Retrieved: http://www.famegame.com/projects/1051395 Malaria No More, a non-profit organization devoted to raising public awareness of the disease, brought a group of 20 scientists to Capitol Hill to discuss their cutting-edge malaria research on World Malaria day on April 25th, 2012. Using computer-assisted molecular modeling, scientists have been looking for new vaccine candidates and identifying drugs to field-test.

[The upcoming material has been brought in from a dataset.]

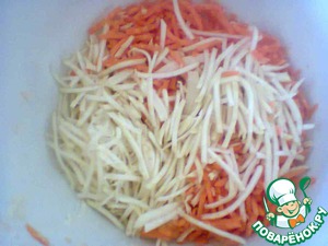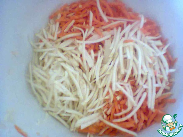 Нарезать тоненькой соломкой. Это можно сделать или с помощью тёрки для приготовления салатов "по-корейски", или с помощью аналогичного специального ножа, или ещё легче - если есть комбайн и соответствующая насадка. Если ничего этого нет, то просто натереть на крупной тёрке.

Brian Grimberg, a professor of international health at Case Western Reserve University in Cleveland, Ohio, said scientists from his lab are studying a newly discovered compound that kills the malaria parasite in lab-infected mice. Other research highlighted at the Washington gathering included the use of genetic engineering to prevent mosquitoes from becoming infected with the parasite in the first place, so they can’t spread it to humans. Researchers at Virginia Commonwealth University in Richmond and Johns Hopkins University in Baltimore, Maryland, are using genetically modified bacterial viruses, known as phages, to produce a protein in the mosquitoes’ gut which blocks infection by the malaria parasite. These researchers did warn us that these are having their own problems and kinks to work out. We don’t know for sure if these truly can prevent or rid people of the disease, but I think the fact that this research is out there and being presented and celebrated is a huge milestone for this day. To date, we have spent roughly $2 billion a year on malaria control, a disease that has existed for 4700 years. The emerging drug-resistant malaria cases suggest that the current prevention measures and treatment are not enough to combat the disease. Clearly academia and pharmaceutical companies need to collaborate and develop (or as noted above need to continue to develop) new treatments with long-term effects. The looming threat of drug-resistant malaria spreading further necessitates the exploration of other drugs and implementation of vaccines to combat the deadly disease now.

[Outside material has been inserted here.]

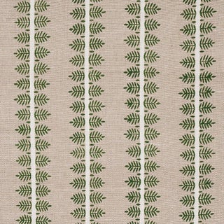 Alva Hand Block has a beautifully home-spun appeal. The Vertical stripes in the hand-woven fabric are adorned with block-printed rows of feathery, fern-like leaves for a charming effect. Sold as a 2-yard minimum.

I think that this World Malaria was a hugely successful start in the prevention of this disease. The disease recently has been in the news and more and more people are joining in and understanding the significance of putting both donations and research into prevention. This is a huge start and I can only hope that the recognition and day of awareness keeps growing.
When asked to describe malaria in one word, a nurse at Karawa General Hospital in the Democratic Republic of Congo (DRC) had this to say: “Killer.” The hospital administrator said that 80 percent of the local population carries the disease. We may not see this disease on a daily basis in the Western World, but that does not mean we should forget it exists.